Projekt: Zielorientierung im Erwachsenenalter


Persönliche Ziele beziehen sich nicht nur auf einen bestimmten Lebensbereich (z.B. Familie, Beruf, Selbstentwicklung), sondern weisen unterschiedliche Zielorientierungen auf. Ein- und dasselbe Ziel kann auf unterschiedliche Weise repräsentiert sein: Als Gewinn («ich möchte fitter werden»), als Aufrechterhaltung («ich will so bleiben wie ich bin») oder als Verlustvermeidung («ich möchte nicht schlechter werden»).
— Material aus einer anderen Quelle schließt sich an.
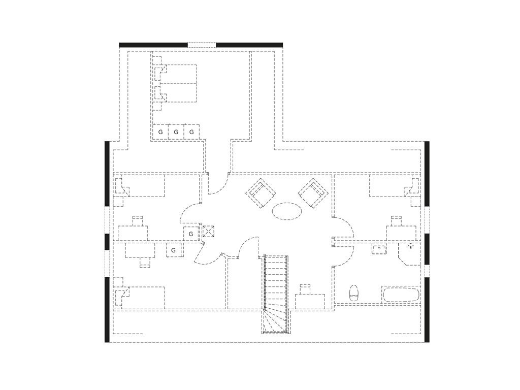 Huset levereras med oinredd övervåning. Detta är ett förslag på hur du kan göra.
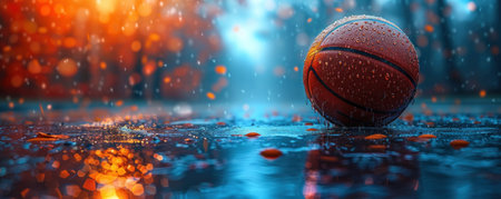 Basketball ball with natural lighting on blue background. Blue color filter. Sport team concept. Horizontal sport theme poster, greeting cards, headers, website and app
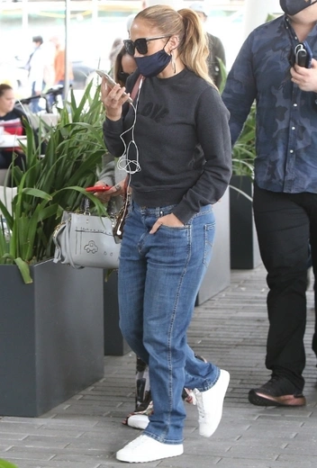 Нечасто можно увидеть Джей Ло в аутфитах не по последней фэшн-повестке: в последнее время каждый стритстайл-выход знаменитости превращается в настоящее дефиле, и мы успели насладиться не одним сезонным трендом в исполнении звезды. Однако даже у таких закоренелых фэшн-икон, как Дженнифер, возникает желание облачиться в самые непритязательные аутфиты и отдохнуть от постоянной модной гонки. Для этого Джей выбирает комбинацию с объемными джинсами, серым джемпером и белыми кедами, которую дополняет любимыми солнцезащитными очками.
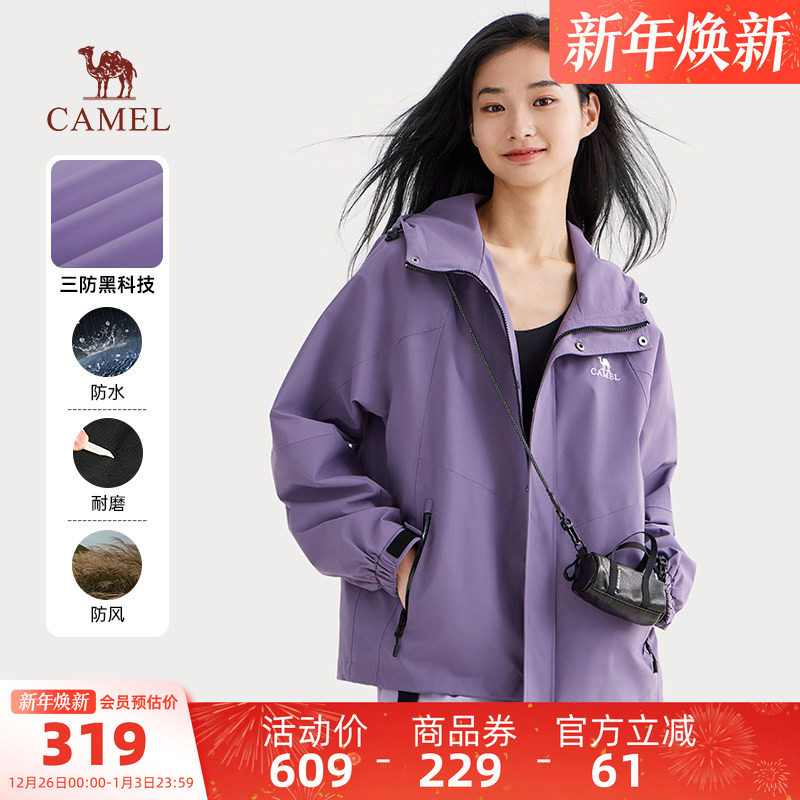 骆驼女装单层冲锋衣2025秋冬新款户外防风防水连帽立领男女款外套
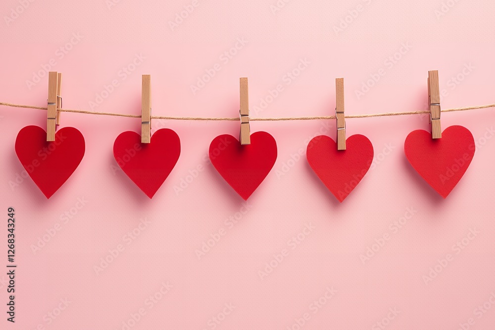 Hearts on a string: A charming display of love suspended against a soft pink backdrop
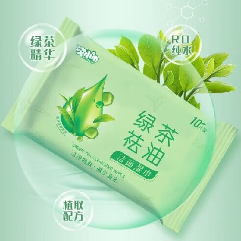 绿茶湿纸巾擦脸去油男女清凉洁面湿巾旅游学生军训免洗便携装随身 清凉湿巾-绿茶味-1片装

Eine Reihe von Studien (Freund, 2006; Ebner, Freund & Baltes, 2006) zeigt, dass sich über das Alter in Abhängigkeit der verfügbaren Ressourcen die Orientierung auf Gewinne hin zur Aufrechterhaltung und zur Vermeidung von Verlusten entwickelt. Bisher ist jedoch nur wenig über altersbezogene Unterschiede in der Zielverfolgung und deren Erfolg in Abhängigkeit der Zielorientierung bekannt.
Eine weitere wichtige Unterscheidung in Bezug auf die Repräsentation von Zielen ist die zwischen Ergebnis- und Prozessfokus (Freund, Riediger & Hennecke, in press ). Es ist anzunehmen, dass der Zielfokus sich im Erwachsenenalter systematisch verändert. Welcher Zielfokus dominiert und welcher günstiger ist, hängt dem zugrundeliegenden lebensspannenpsychologischen Ansatz zufolge von Faktoren ab, die mit dem chronologischen Alter verknüpft sind (Verfügbarkeit von Ressourcen, Zeitperspektive). Altersbezogene Unterschiede in der Präferenz und Adaptivität von Prozess- vs. Ergebnisfokus werden in einer Reihe von Experimenten und Untersuchungen im Alltag junger, mittelalter und ältererer Erwachsener getestet.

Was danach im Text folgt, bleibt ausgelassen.